2 docker containers each of which has its own Worker (python). Both of them are identical.
workflow is created from (java) application by calling newUntypedWorkflowStub
then after some time I want to know the status of running workflow by calling query method on the workflowStub (java)
Facing the following problem:
The workflow can be picked up by any (python) Worker. But when calling query, the Worker not executing workflow can pick up this query request, and return incorrect information.
Is there a way to force a Worker to be responsible for all queries that are coming to this workflow?
A workflow task’s state is the result of replaying its event history in a deterministic way. Querying a workflow is simply asking for some state at the end of the current history. To that end, it shouldnt matter which worker runs the workflow event history to handle the workflow query. If it does, your workflow tasks are not deterministic.
Said another way, workflow query results should not be tied to currently running activities, they should be computed based on all completed activities.
In that case, what can you suggest to the following -
Depending on input from java client, I execute logic (python) that during runtime (single activity) writes to a file. This execution can take quite a while. During execution, I want to see the content of that file from java client. (?)
Also, to this point -
Interestingly, I observe that when a (python) Worker is assigned to workflow, and when I execute query from java client - this query is ‘assigned’ to a ‘random’ Worker. But after it is assigned, all of the query requests that a java client does, goes to the same Worker, which it was assigned at the beginning.
Meaning, that if I query the workflow from java client, and I receive status updates, I will keep receiving them. If I didn’t receive it the first time, I will keep not receiving it.
The question is, if query is not connected to any Worker, and is simply asking for a state, why is it asking the state only from a single Worker?
For this reason, I assumed that if it is querying from a single Worker, I can assign a Worker to query at the beginning (?)
I suspect (but am not an expert) that there is some kind of pinning/favoring that occurs to optimise performance.
As for your use case if you need updates on the state mid-activity the ways I can think of to do that would be:
Use a state store (such as a database) to mark progress, and read from that state store either directly or in the Query. (Edit: I’m actually not sure if reading a state store on a Query violates the rules of determinism in workflow code…)
Chunk the logic into smaller activities that can update workflow state.
This set up was chosen so that python container does not interact with anything else but temporal client.
There is only 1 activity that does all the python logic
I tried this approach, but was not able to pass information from python to java. Don’t remember exact reason now, I believe because java client cannot read from heartbeat. (I might be wrong here)

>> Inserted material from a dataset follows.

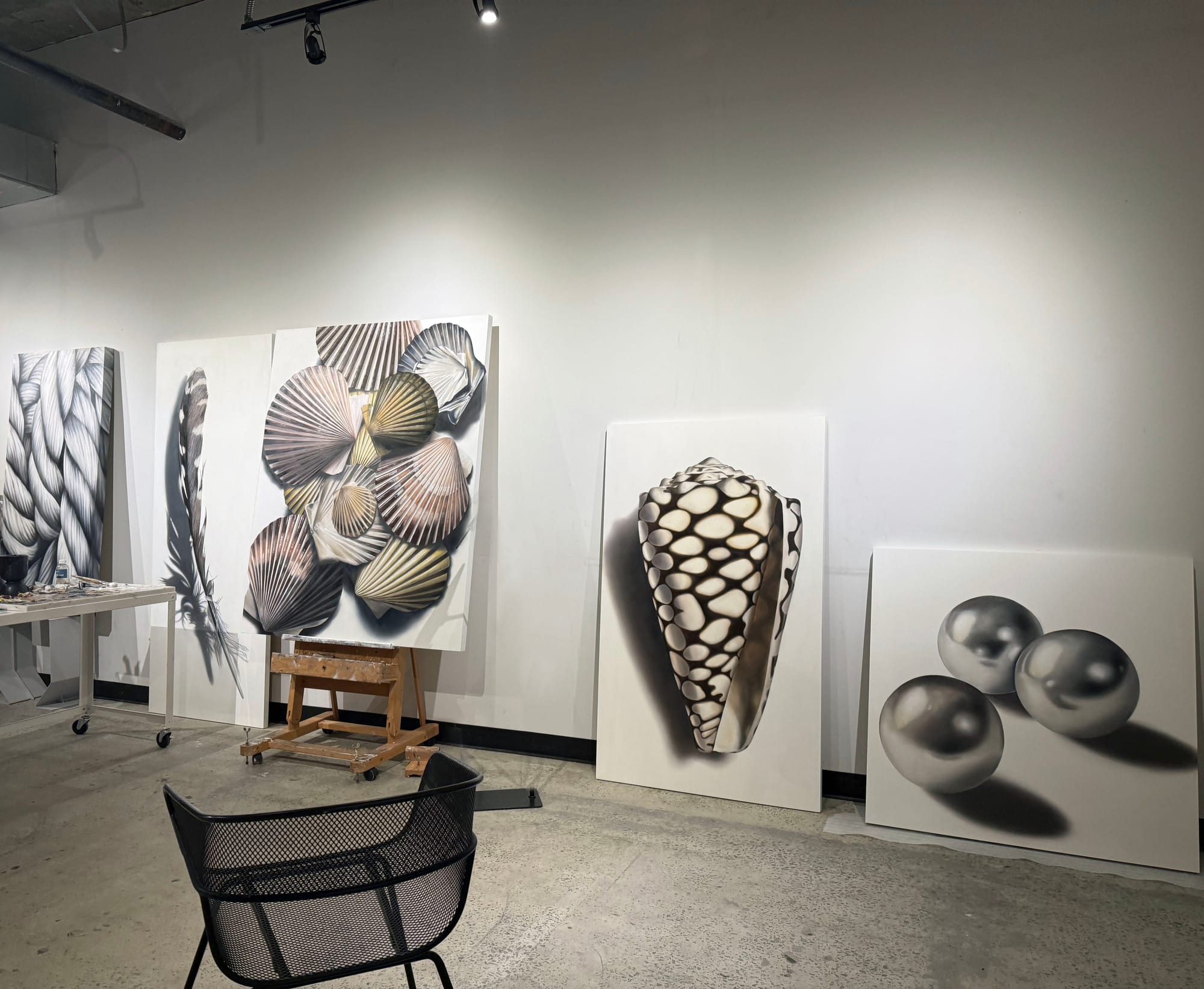 I solely work in oil on wood panel. The richness of oil is unparalleled, as is the way it blends. The slower drying time of oil allows for a more thoughtful, deliberate process. I can refine and adjust over hours or even days, which aligns with the intentional way I like to work. Painting on panel allows for a sleeker finish with cleaner lines and precision. Both materials support my painting style.

It should not matter where a workflow runs. Workflows are deterministic and should have nothing different about them based on where they run. Activities that interact with the system or other external things it can matter, but not workflows. What is the code doing that could return different data for a workflow query on different workers?
The code while running does some operations, the results of which are written to a file. The problem arises because the file is specific to the docker container in which the Worker is running. The result file would be the same, for any container the code is running. But during execution of a workflow, only 1 docker container has this file…
Yes, the results are written by activity, however it is written to a local storage of the docker container. And the Worker from another docker container has no access to it. Thus when query is executed on a Worker, it reads the file from local storage, and depending which Worker is assigned the result is different - correct result or ‘no file found’
So it sounds like you just need to make sure that multiple activities go to the same worker so they can share disk contents. This is a normal use case we call “worker-specific task queues” and we have a sample for it. Basically if you need multiple activities to share the same worker, you need a task queue specific to the worker. So you ask all workers on the general task queue for a task queue name specific to them, then you use that task queue name specific to them for each activity in your set. This will ensure activities are sent to the same worker.